Use `xr.open_dataset` to open the dataset from the remote server.


In [4]:
ifile = 'http://iridl.ldeo.columbia.edu/SOURCES/.NOAA/.NCDC/.ERSST/.version5/.sst/T/%28Jan%201979%29/%28Dec%202018%29/RANGE/X//lon/renameGRID/Y//lat/renameGRID/T//time/renameGRID/time/(days%20since%201979-01-01)/streamgridunitconvert%5Bzlev%5Daverage/dods'
print(ifile)
ds = xr.open_dataset(ifile).load()
print(ds)

http://iridl.ldeo.columbia.edu/SOURCES/.NOAA/.NCDC/.ERSST/.version5/.sst/T/%28Jan%201979%29/%28Dec%202018%29/RANGE/X//lon/renameGRID/Y//lat/renameGRID/T//time/renameGRID/time/(days%20since%201979-01-01)/streamgridunitconvert%5Bzlev%5Daverage/dods
<xarray.Dataset>
Dimensions:  (lat: 89, lon: 180, time: 480)
Coordinates:
  * lat      (lat) float32 -88.0 -86.0 -84.0 -82.0 -80.0 ... 82.0 84.0 86.0 88.0
  * lon      (lon) float32 0.0 2.0 4.0 6.0 8.0 ... 350.0 352.0 354.0 356.0 358.0
  * time     (time) datetime64[ns] 1979-01-16T12:00:00 ... 2018-12-16T12:00:00
Data variables:
    sst      (time, lat, lon) float64 nan nan nan nan ... -1.8 -1.8 -1.8 -1.8
Attributes:
    Conventions:  IRIDL


In [None]:
# # backup plan to load the dataset
# #ds.to_netcdf('ersst.v5.1979-2018.nc', encoding={'sst': {'zlib': True, 'complevel': 1}})
ds = xr.open_dataset('ersst.v5.1979-2018.nc')
ds

In [None]:
sst = ds.sst
sst

## Explore the data by making simple plots

In [None]:
sst.isel(time=227).plot()

More experiments on plotting:
* select date/time explicitly
* change colormap/levels
* contourf/contour


In [None]:
# specify date/time explicitly
# sst.isel(time=227).plot()
sst.sel(time='1997-12-16T12').plot()

In [None]:
# change levels
sst.sel(time='1997-12-16T12').plot(levels=20)

In [None]:
# change color map
sst.sel(time='1997-12-16T12').plot(levels=20, center=False, cmap='Spectral_r')

In [None]:
# change to contourf
sst.sel(time='1997-12-16T12').plot.contourf(levels=20, center=False, cmap='Spectral_r')

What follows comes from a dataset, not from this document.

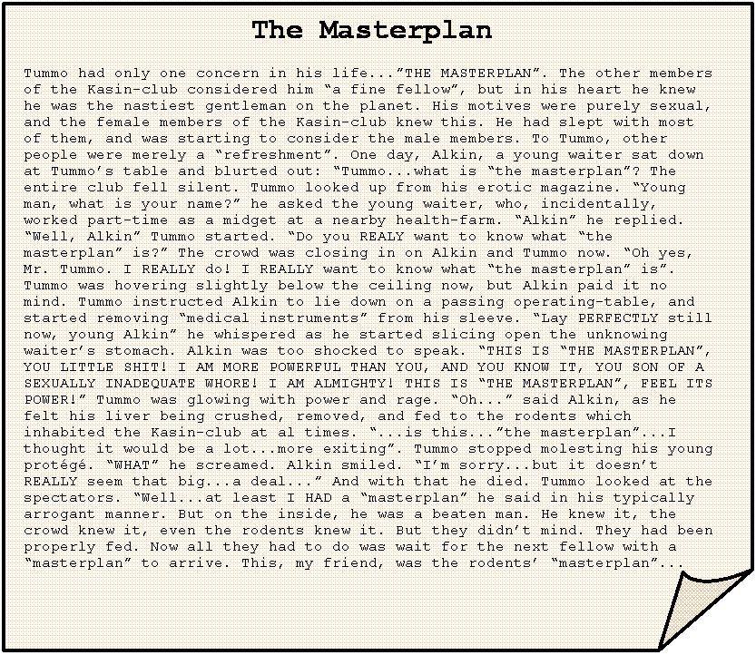 The Masterplan Tummo had only one concern in his life...”THE MASTERPLAN”. The other members of the Kasin-club considered him “a fine fellow”, but in his heart he knew he was the nastiest gentleman on the planet. His motives were purely sexual, and the female members of the Kasin-club knew this. He had slept with most of them, and was starting to consider the male members. To Tummo, other people were merely a “refreshment”. One day, Alkin, a young waiter sat down at Tummo’s table and blurted out: “Tummo...what is “the masterplan”? The entire club fell silent. Tummo looked up from his erotic magazine. “Young man, what is your name?” he asked the young waiter, who, incidentally, worked part-time as a midget at a nearby health-farm. “Alkin” he replied. “Well, Alkin” Tummo started. “Do you REALY want to know what “the masterplan” is?” The crowd was closing in on Alkin and Tummo now. “Oh yes, Mr. Tummo. I REALLY do! I REALLY want to know what “the masterplan” is”. Tummo was hovering slightly below the ceiling now, but Alkin paid it no mind. Tummo instructed Alkin to lie down on a passing operating-table, and started removing “medical instruments” from his sleeve. “Lay PERFECTLY still now, young Alkin” he whispered as he started slicing open the unknowing waiter’s stomach. Alkin was too shocked to speak. “THIS IS “THE MASTERPLAN”, YOU LITTLE SHIT! I AM MORE POWERFUL THAN YOU, AND YOU KNOW IT, YOU SON OF A SEXUALLY INADEQUATE WHORE! I AM ALMIGHTY! THIS IS “THE MASTERPLAN”, FEEL ITS POWER!” Tummo was glowing with power and rage. “Oh...” said Alkin, as he felt his liver being crushed, removed, and fed to the rodents which inhabited the Kasin-club at al times. “...is this...”the masterplan”...I thought it would be a lot...more exiting”. Tummo stopped molesting his young protégé. “WHAT” he screamed. Alkin smiled. “I’m sorry...but it doesn’t REALLY seem that big...a deal...” And with that he died. Tummo looked at the spectators. “Well...at least I HAD a “masterplan” he said in his typically arrogant manner. But on the inside, he was a beaten man. He knew it, the crowd knew it, even the rodents knew it. But they didn’t mind. They had been properly fed. Now all they had to do was wait for the next fellow with a “masterplan” to arrive. This, my friend, was the rodents’ “masterplan”... |

## SST change from the first 10 years to the last 10 years

In [None]:
sst_early = sst.sel(time=slice('1979-01', '1988-12')).mean('time')
sst_late = sst.sel(time=slice('2009-01', '2018-12')).mean('time')
dsst = sst_late - sst_early
dsst.attrs['long_name'] = 'SST change from 1979-1988 to 2009-2018'
dsst

In [None]:
dsst.plot.contourf(levels=20)
# cooling over the Southern Ocean and Southeast Pacific

Not warming everywhere. Southern Ocean and Southeast Pacific

## Calculate monthly climatology
* multiple-year mean value for each month
* use the `groupby('time.month')` method



In [None]:
sst_clim = sst.groupby('time.month').mean('time')
sst_clim

In [None]:
sst_clim.sel(month=1).plot.contourf(levels=20, center=False, cmap='Spectral_r')

In [None]:
sst_clim.sel(month=7).plot.contourf(levels=20, center=False, cmap='Spectral_r')

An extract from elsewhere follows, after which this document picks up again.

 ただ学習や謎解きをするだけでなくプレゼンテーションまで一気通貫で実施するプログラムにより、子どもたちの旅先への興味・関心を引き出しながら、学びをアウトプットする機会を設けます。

Make 12 subplots using a single command.

In [None]:
sst_clim.plot.contourf(col='month', col_wrap=6, 
                       levels=20, cmap='Spectral_r', center=False)

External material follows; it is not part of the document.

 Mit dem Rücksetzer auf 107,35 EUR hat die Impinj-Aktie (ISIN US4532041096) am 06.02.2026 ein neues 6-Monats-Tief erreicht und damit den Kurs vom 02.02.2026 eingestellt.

## Calculate monthly anomaly
Subtract the monthly climatology from the raw SST data.

In [None]:
ssta = sst.groupby('time.month') - sst_clim
ssta

In [None]:
ssta.sel(time=slice('1997-12', '1998-02')).mean('time').plot.contourf(levels=20)

## Calculate the Nino3.4 index
* SST averaged over the Nino3.4 region: 170W-120W, 5S-5N
![ENSO](http://www.bom.gov.au/climate/enso/indices/oceanic-indices-map.gif)
http://www.bom.gov.au/climate/enso/indices/oceanic-indices-map.gif

In [None]:
nino34 = ssta.sel(lon=slice(360-170,360-120),lat=slice(-5,5)).mean(['lon','lat'])
nino34.attrs['long_name'] = 'Nino3.4 index'
nino34

In [None]:
nino34.plot()
plt.axvline('2015-12', color='gray', ls='--')
plt.text('2015-12', 2, '2015-12', rotation=-45, color='gray', )
plt.axvline('1997-12', color='gray', ls='--')
plt.text('1997-12', 2, '1997-12', rotation=-45, color='gray', )
plt.axvline('1982-12', color='gray', ls='--')
plt.text('1982-12', 2, '1982-12', rotation=-45, color='gray', )

## Seasonality of El Nino/Lanina

In [None]:
nino34.groupby('time.month').std('time').plot()
plt.ylabel('Nino3.4 standard deviation [$^\circ$C]')

December shows the largest variability!